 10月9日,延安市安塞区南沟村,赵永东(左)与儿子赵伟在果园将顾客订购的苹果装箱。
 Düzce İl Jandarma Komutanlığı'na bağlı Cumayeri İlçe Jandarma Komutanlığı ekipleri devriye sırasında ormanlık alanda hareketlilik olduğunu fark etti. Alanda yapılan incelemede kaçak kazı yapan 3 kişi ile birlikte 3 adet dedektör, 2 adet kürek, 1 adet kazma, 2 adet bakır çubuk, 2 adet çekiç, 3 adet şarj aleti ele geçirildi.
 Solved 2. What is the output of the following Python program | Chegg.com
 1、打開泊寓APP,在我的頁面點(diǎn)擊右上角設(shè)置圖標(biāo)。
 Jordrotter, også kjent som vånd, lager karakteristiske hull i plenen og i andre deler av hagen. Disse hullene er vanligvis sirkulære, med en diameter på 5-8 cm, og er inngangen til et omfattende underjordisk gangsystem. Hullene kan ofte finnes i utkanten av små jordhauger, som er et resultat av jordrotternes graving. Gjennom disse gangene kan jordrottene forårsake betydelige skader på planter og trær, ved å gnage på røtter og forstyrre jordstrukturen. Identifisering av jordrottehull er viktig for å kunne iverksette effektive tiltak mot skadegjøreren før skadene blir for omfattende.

__________

Output the listing exactly, from first line to last.

# SOLUTION BELOW
 10月9日,延安市安塞区南沟村,赵永东(左)与儿子赵伟在果园将顾客订购的苹果装箱。
 Düzce İl Jandarma Komutanlığı'na bağlı Cumayeri İlçe Jandarma Komutanlığı ekipleri devriye sırasında ormanlık alanda hareketlilik olduğunu fark etti. Alanda yapılan incelemede kaçak kazı yapan 3 kişi ile birlikte 3 adet dedektör, 2 adet kürek, 1 adet kazma, 2 adet bakır çubuk, 2 adet çekiç, 3 adet şarj aleti ele geçirildi.
 Solved 2. What is the output of the following Python program | Chegg.com
 1、打開泊寓APP,在我的頁面點(diǎn)擊右上角設(shè)置圖標(biāo)。
 Jordrotter, også kjent som vånd, lager karakteristiske hull i plenen og i andre deler av hagen. Disse hullene er vanligvis sirkulære, med en diameter på 5-8 cm, og er inngangen til et omfattende underjordisk gangsystem. Hullene kan ofte finnes i utkanten av små jordhauger, som er et resultat av jordrotternes graving. Gjennom disse gangene kan jordrottene forårsake betydelige skader på planter og trær, ved å gnage på røtter og forstyrre jordstrukturen. Identifisering av jordrottehull er viktig for å kunne iverksette effektive tiltak mot skadegjøreren før skadene blir for omfattende.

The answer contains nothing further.